"Unzip" IEnumerable dynamically in C# or best alternative
Asked Answered
E

4

8

Lets assume you have a function that returns a lazily-enumerated object:

struct AnimalCount
{
    int Chickens;
    int Goats;
}

IEnumerable<AnimalCount> FarmsInEachPen()
{
    ....
    yield new AnimalCount(x, y);
    ....
}

You also have two functions that consume two separate IEnumerables, for example:

ConsumeChicken(IEnumerable<int>);
ConsumeGoat(IEnumerable<int>);

How can you call ConsumeChicken and ConsumeGoat without a) converting FarmsInEachPen() ToList() beforehand because it might have two zillion records, b) no multi-threading.

Basically:

ConsumeChicken(FarmsInEachPen().Select(x => x.Chickens));
ConsumeGoats(FarmsInEachPen().Select(x => x.Goats));

But without forcing the double enumeration.

I can solve it with multithread, but it gets unnecessarily complicated with a buffer queue for each list.

So I'm looking for a way to split the AnimalCount enumerator into two int enumerators without fully evaluating AnimalCount.
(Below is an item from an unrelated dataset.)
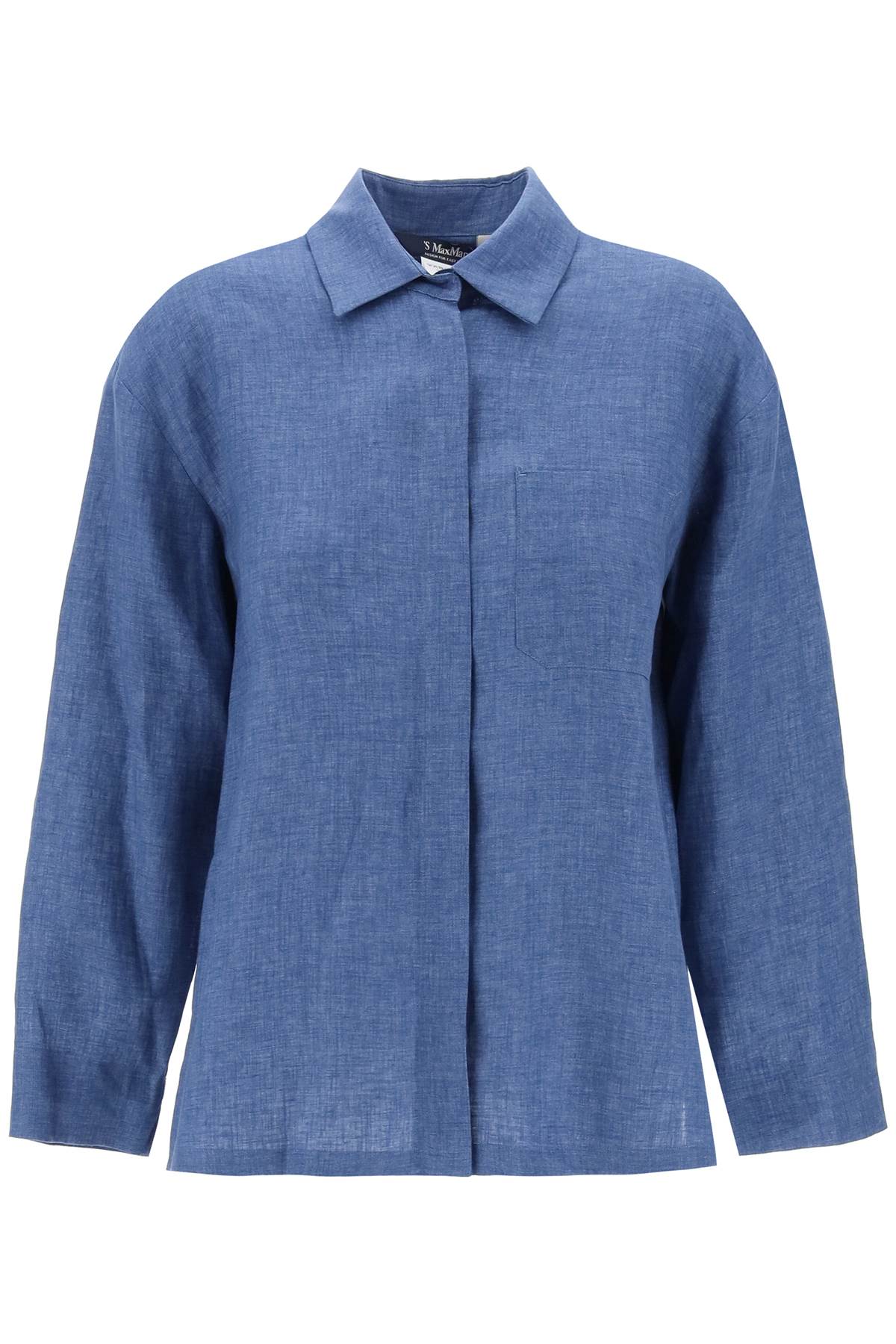 The Kasia shirt from the 'S Max Mara collection is made of pure linen fabric for a soft and slightly flared silhouette. The classic design features a pointed collar, chest pocket and hidden front button closure, finished with slits at the bottom and cuffs and a back square with a small vent. The model is 177 cm tall and wears size IT 40.

There is no problem running ConsumeGoat and ConsumeChicken together in lock-step.

I can feel the solution just out of my grasp but I'm not quite there. I'm thinking along the lines of a helper function that returns an IEnumerable being fed into ConsumeChicken and each time the iterator is used, it internally calls ConsumeGoat, thus executing the two functions in lock-step. Except, of course, I don't want to call ConsumeGoat more than once..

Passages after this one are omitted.